▶ **Task**: Starting at the first line of the material below and stopping after the line that includes "Lately there are", write the lines out again exactly. Drop any pictures.

▶ **Available records**:
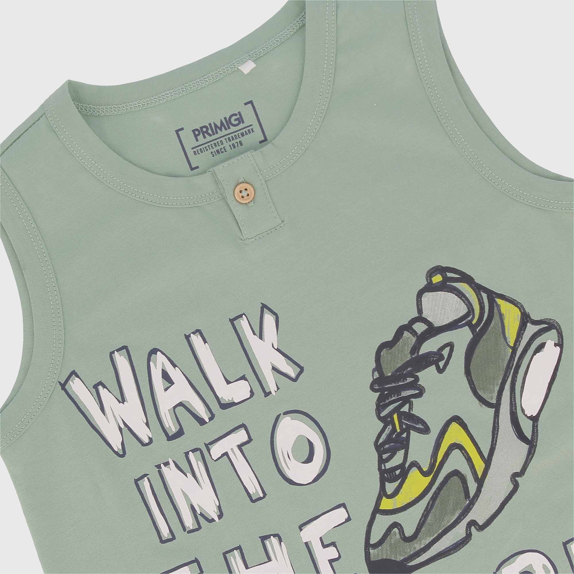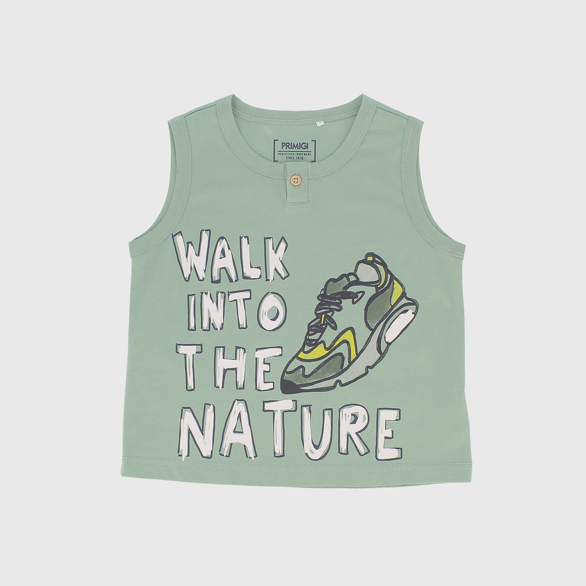 Canotta in jersey girocollo. Chiusura frontale con bottoncino in legno sullo scollo. Stampa sul davanti.
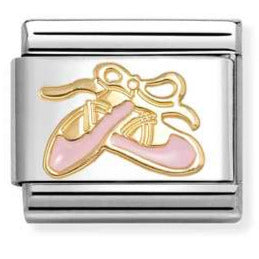 Classic Yellow Gold Charm With Pink Enamel Dance Shoes
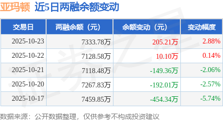 证券之星消息,10月23日,亚玛顿(002623)融资买入446.44万元,融资偿还241.24万元,融资净买入205.2万元,融资余额7333.58万元。
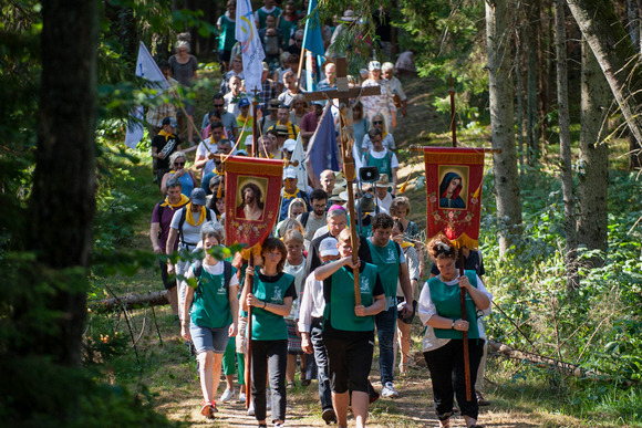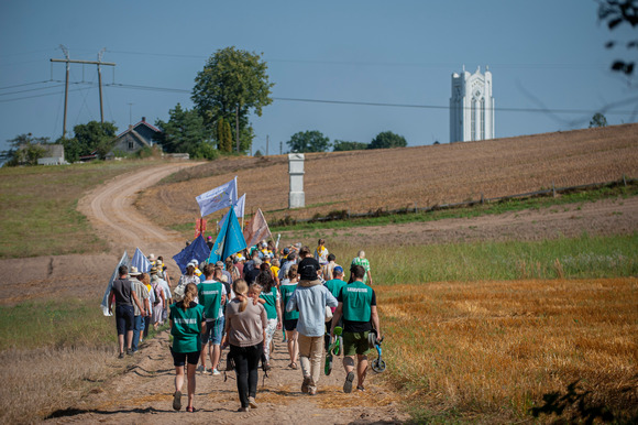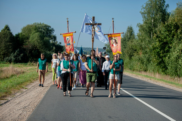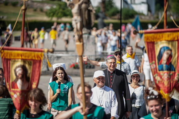 Su Jono Pauliaus II piligrimų centro jaunaisiais savanoriais bei kitais Kauno arkivyskupijos piligrimais eisenoje keliavo krikščioniško sutuoktinių judėjimo – Dievo Motinos komandų – šeimos, praleidusios rekolekcijų savaitgalį Šiluvoje.
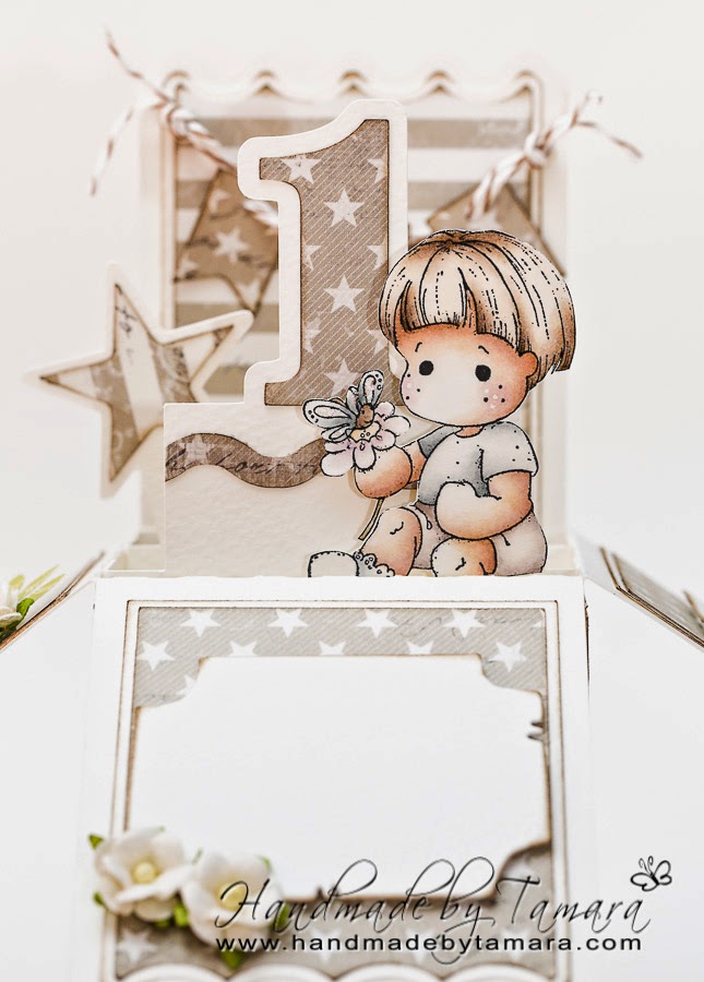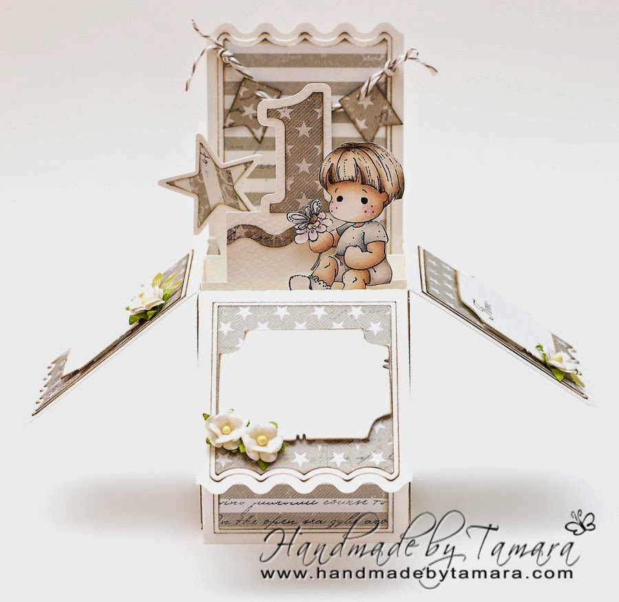 Lately there are all sorts of box cards appearing over the internet so I decided to try one for myself. This was a really fun project. I used the gorgeous marine themed Maja design papers and little cute Edwin from Special Moment collection. I love this collection. I used stamps from it all the time.
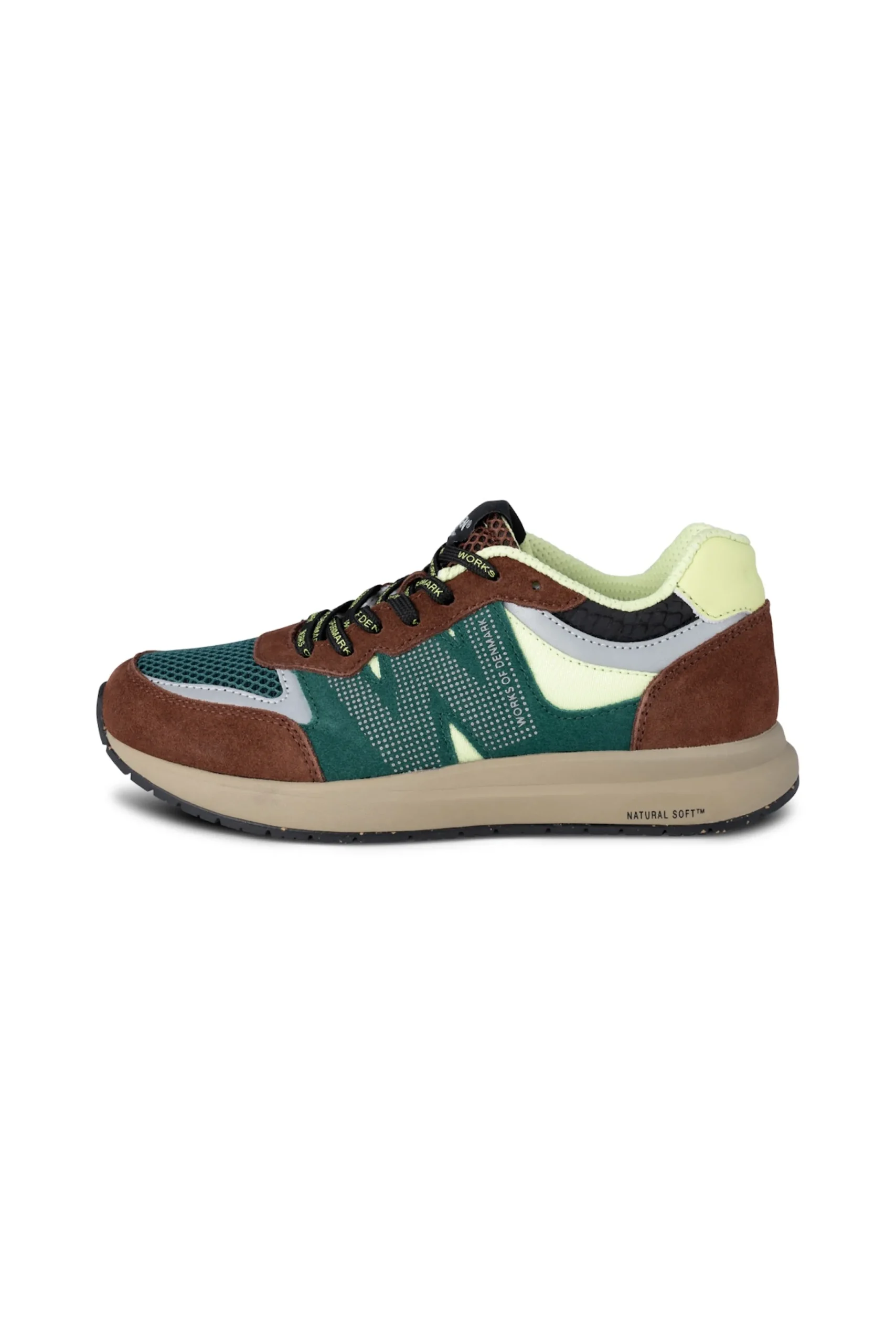 Vi præsenterer Rigmor Open Mesh, en dynamisk sneaker, der blander premium-håndværk med komfortteknologi. Fremstillet af certificeret LWG-ruskind, genbrugsmesh og ASC-certificeret upcyclet fiskelæder. En let EVA-mellemsål og en ydersål af gummi med 10 % genbrugsgummi sikrer holdbarhed. Den bløde PU-indersål med korkforing giver sammen med WODENs Natural Soft邃åndbarhed og komfort.\\n\\n- Certificeret ruskind fra Leather Working Group – Recycled tekstil \\n- Upcyclet fiskelæder med ASC certificering \\n- Formstøbt mellemsål i letvægtsmateriale EVA – Ydersål i gummi med 10% genanvendt gummi \\n- WODEN natural soft technogi TM. \\n- Blød formstøbt indlægssål i PU beklædt med kork – Woden air flow system TM.
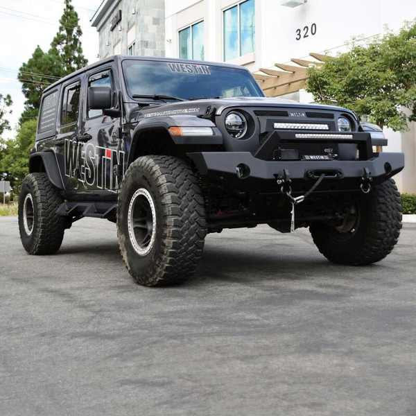 Westins WJ2 Full Width Front Bumper with LED Light Bar Mount is constructed with 3/16-inch plate steel and fits most double or single row 20 light bars. The product is designed to utilize both styles of factory fog lights or round post lights, and adjustable brackets accept Westin or competitor light bars. With Westins new WJ2 Full Width Bumper, your winch fits inside the bumper to allow maximum air flow to your vehicles radiator and is designed to allow winch installation with your bumper already installed -- most other brands wont! Features Rock Light mount points on lower bumper corners, holes to hide light harness wires, and 2 front off-road jack points. Product offers recovery hooks with a recovery shackle mount point to allow easy tow strap attachment. Includes bumper, mounting hardware and install instructions.
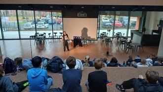 Mit viel Witz, schauspielerischem Talent und stimmlicher Wandlungsfähigkeit ließ er die Geschichten lebendig werden und zog sein junges Publikum in den Bann. Die Lesung sorgte für viel Begeisterung und Applaus – ein unterhaltsames Erlebnis, das Lust auf mehr Lesen machte.
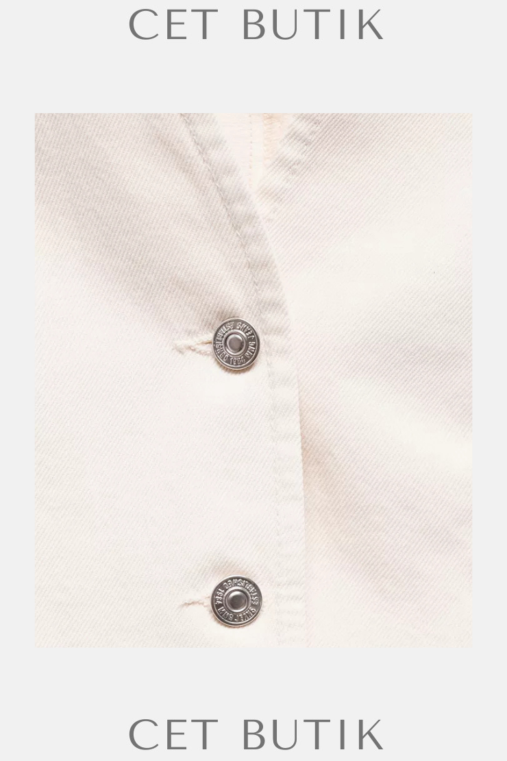 Mango Buttoned Denim Gilet Vest – %100 Pamuk, Kolsuz
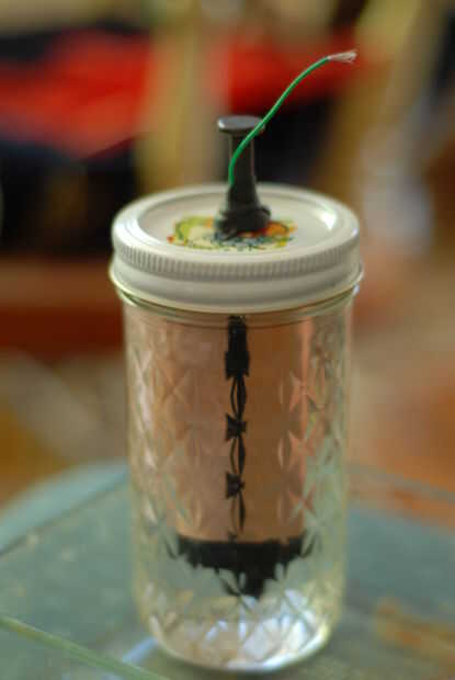 - Ahora, llenar el tarro de masón con 20% KOH u otro electrolito alcalino y lugar el tarro de masón que acaba de crear en la solución de montaje de la tapa y sellar la jarra - debe parecerse a la foto 3
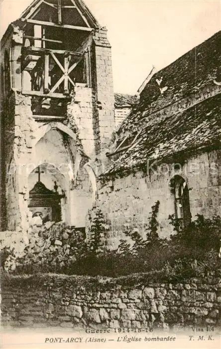 AK / Ansichtskarte Pont Arcy_02_Aisne Eglise bombardee

▶ **Task output**:
 Canotta in jersey girocollo. Chiusura frontale con bottoncino in legno sullo scollo. Stampa sul davanti.
 Classic Yellow Gold Charm With Pink Enamel Dance Shoes
 证券之星消息,10月23日,亚玛顿(002623)融资买入446.44万元,融资偿还241.24万元,融资净买入205.2万元,融资余额7333.58万元。
 Su Jono Pauliaus II piligrimų centro jaunaisiais savanoriais bei kitais Kauno arkivyskupijos piligrimais eisenoje keliavo krikščioniško sutuoktinių judėjimo – Dievo Motinos komandų – šeimos, praleidusios rekolekcijų savaitgalį Šiluvoje.
 Lately there are all sorts of box cards appearing over the internet so I decided to try one for myself. This was a really fun project. I used the gorgeous marine themed Maja design papers and little cute Edwin from Special Moment collection. I love this collection. I used stamps from it all the time.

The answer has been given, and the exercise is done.